Sanayi üretimi yavaşlıyor, büyüme oranı %3’lerde, fakat kredi artışı sürüyor ve işsizlik oranı düşüyor. Türkiye’de büyüme düşerken cari açık seviye kaybederdi. Artık cari açık da direngen bir çizgiye, büyüme oranına bakmaksızın milli gelirin %6’ları düzeyine yerleşti. Kamu dengesi 2013’ün ilk altı ayında fazla verdi fakat özel sektörün dış borçlanma rakamları sürekli ileriye taşınıyor. Yine hafta içi açıklanan rakamlara göre, 2012 yılı sonu baz alınırsa özel sektörün dış borçlarında son bir ayda 5 Milyar Dolar’lık bir artış kaydedildi.
Son haftalarda faiz, kur ve borsadaki gelişmeleri fazlasıyla yazdık ve tekrar ettik. Merkez Bankası 15 Temmuz’da yaptığı basın açıklamasıyla 23 Temmuz’da faiz haddini yükselteceğini beyan etmiş oldu. Geç de olsa doğru bir karar verildiğini algılayan piyasalar, basın açıklamasını bir inatlaşmanın sona erdirilmesi olarak yorumladığı için şimdilik daha dingin bir hava hakim.
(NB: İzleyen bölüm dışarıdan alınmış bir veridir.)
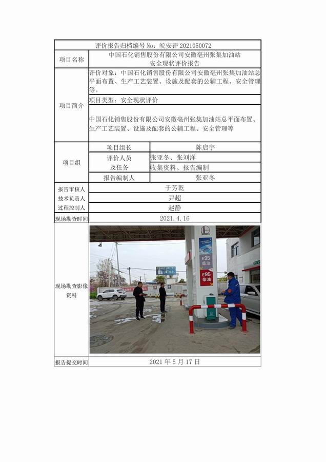 中國石化銷售股份有限公司安徽亳州張集加油站 安全現狀評價報告

İşsizlikteki seviyenin gerilemesinde ilginç olan nedir? sorusunun cevabına devam edelim. Sanayi üretimi yavaşlarken sanayi istihdamı artıyor. Bunu açıklamak kolay değil. Teşvik ve desteklerle ilgili olabilir. Ekonomi yavaş büyürken işgücüne katılım oranının artıyor olması zaten normal. Fakat hizmet sektöründe daha çok istihdam yaratılmış olması ilginç. Türkiye ekonomisinin kamunun finansman baskısı ve dış borç bağımlılığı tehdidi altında kendine özgü çıkış yolları bulmaya başladığını umut ediyorum. Aksi halde birbirine bu denli ilintili rakamların en az birinin doğru olmadığından şüphelenmek gerekebilir.
Özel sektör ne diyor?
15 Temmuz tarihinde yani siz bu satırları okumadan beş gün önce Merkez Bankası Başkanı Erdem Başçı TBMM Plan ve Bütçe Komisyonu’na Küresel Ekonomik Gelişmeler ışığında Büyüme, Enflasyon, Dış Denge konularını içeren bir sunumda bulundu. Siyasi otorite ile Merkez Bankası arasında böyle bir koordinasyonun, bilgi alış-verişinin olması tabii ki çok doğru. Bu sunumda piyasaların durumu, Gezi Olayları ile FED Başkanı Bernanke’nin aynı günlere raslayan konuşması öncesi ve sonrası olmak üzere ikiye ayrılmış. Uluslararası piyasaların, özellikle gelişmekte olan ülkelerin parasal genişlemenin sona ermesine ilişkin karardan nasıl etkilendiği karşılaştırmalı olarak incelenmiş. Belli ki Dünya’da da bizde de parasal akımdaki daralma devam edecek.
Bu daralmaya cevaben kamu kesiminin bir vergi indirimine gitmeyeceği açıklandı. Fiyat istikrarı ve finansal istikrar birlikte hedeflendiğine göre iç piyasayı hareketlendirmek üzere dış finansal girdiye olan ihtiyaç devam edecek demektir. Faiz artırımı biraz da bu senaryonun parçası. Anlaşılan geçtiğimiz yıl yaşanan ‘feda sezonu’ sona ermedi.
Piyasaların ve reel kesimin olanlara tepkisi, ne kurların ne de faizin düzeyi ile ilgili. Yüksek veya düşük faiz veya kurdan çok, özellikle dövizde istikrar daha önemli. Aksi halde, sürekli düşük kurdan şikayet eden reel kesimin kurların yükselmesinden memnun olması gerekirdi.